# January hay market report - Baby, it's cold outside.



## lcjaynes (Jul 25, 2014)

http://www.progressiveforage.com/news/hay-market-reports/u-s-alfalfa-hay-prices-at-70-month-low-hay-market-report-update-for-january-2017


----------



## Vol (Jul 5, 2009)

I always enjoy reading these hay reports. Tennessee does not have many dairies...a few but nothing like in the cooler locales. So I guess what I am saying is that these type of reports are more of a indication on how the dairy industry is fairing and how exportation is going.

I have not sold any quality hay for less than $240/ton this fall and early winter. I did have about 120 bales that was put up at very high moisture and had a few bad places in about 5-10% of the bales but still fetched $180 per ton.

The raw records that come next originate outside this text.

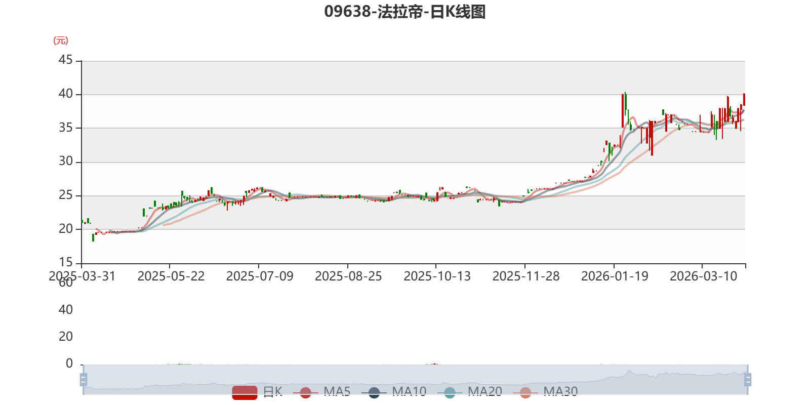 以3月31日收盘价计算,法拉帝目前市盈率(TTM)约16.53倍,市净率(TTM)约1.58倍,市销率(TTM)约1.1倍。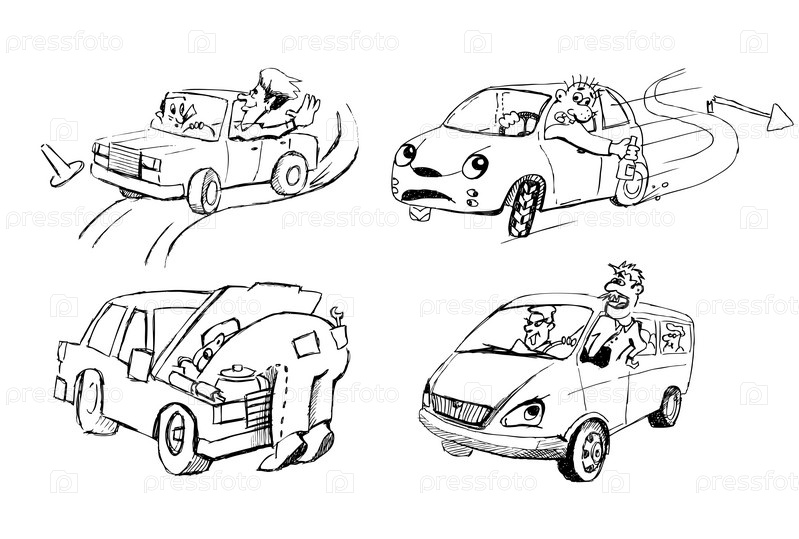 Четыре разные машины и люди в необычных ситуациях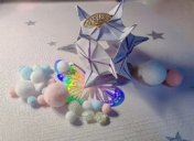 她的作品以“几何变换”为基础,通过将纸折成正方形等多边形形状,将它们加以组合得到几何图形,给人一种立体直观的感觉,体现出数学的对称美和立体美。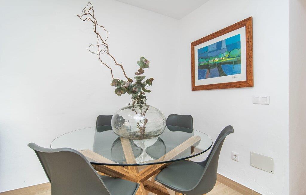 Fire feriegæster, der foretrækker nærhed til stranden og alle faciliteter inden for gåafstand, vil finde et behageligt tilflugtssted i dette smukke feriehus. Det velholdte udeareal har to terrasser, hvoraf den ene er overdækket. Afhængigt af solens position og jeres præferencer er disse ideelle til fælles måltider eller blot til afslapning. Derudover giver de tilgængelige liggestole mulighed for at nyde middelhavslyset på en særlig afslappet måde. Det smart designede interiør i "Confluentia Playa 2" er trendy og moderne. Den åbne stue og spisestue med integreret køkken indbyder til at tilbringe tid indendørs sammen og er også velegnet til selvforplejning. Masser af hvidt og nogle farverige accenter skaber en hyggelig og munter atmosfære. Tilstedeværelsen af varme og aircondition (i stuen og i et soveværelse) sikrer individuelle behagelige temperaturer på alle tidspunkter. To soveværelser - hvoraf det ene har direkte udgang til den åbne terrasse - byder på hyggelige retreater. Et moderne badeværelse med brusekabine fuldender den indbydende boligkomfort i denne ferielejlighed på Mallorca. Den moderne ferielejlighed "Confluentia Playa 2" er beliggende nær centrum af Can Picafort på den nordlige del af Mallorca. I denne smukke landsby finder I restauranter, barer, diskoteker og en række indkøbsmuligheder. Sandstranden ligger inden for gåafstand, og Alcúdia-bugten ligger kun få meter væk. Området omkring Can Picafort er også ideelt til cykling.

I like the fact that our quality hay market is more consistently stable and experiences less high and low fluctuations.

Regards, Mike


----------



## Uphayman (Oct 31, 2014)

I can attest that the hay market in Wisconsin is nothing short of brutal.


----------



## Farmineer95 (Aug 11, 2014)

240 per ton???? Sheesh that would be something. 2011 prices were in that 300 range but that was a drier year for us too. 80 to 120 is range nowdays for quality hay. 150 would be an outlier.


----------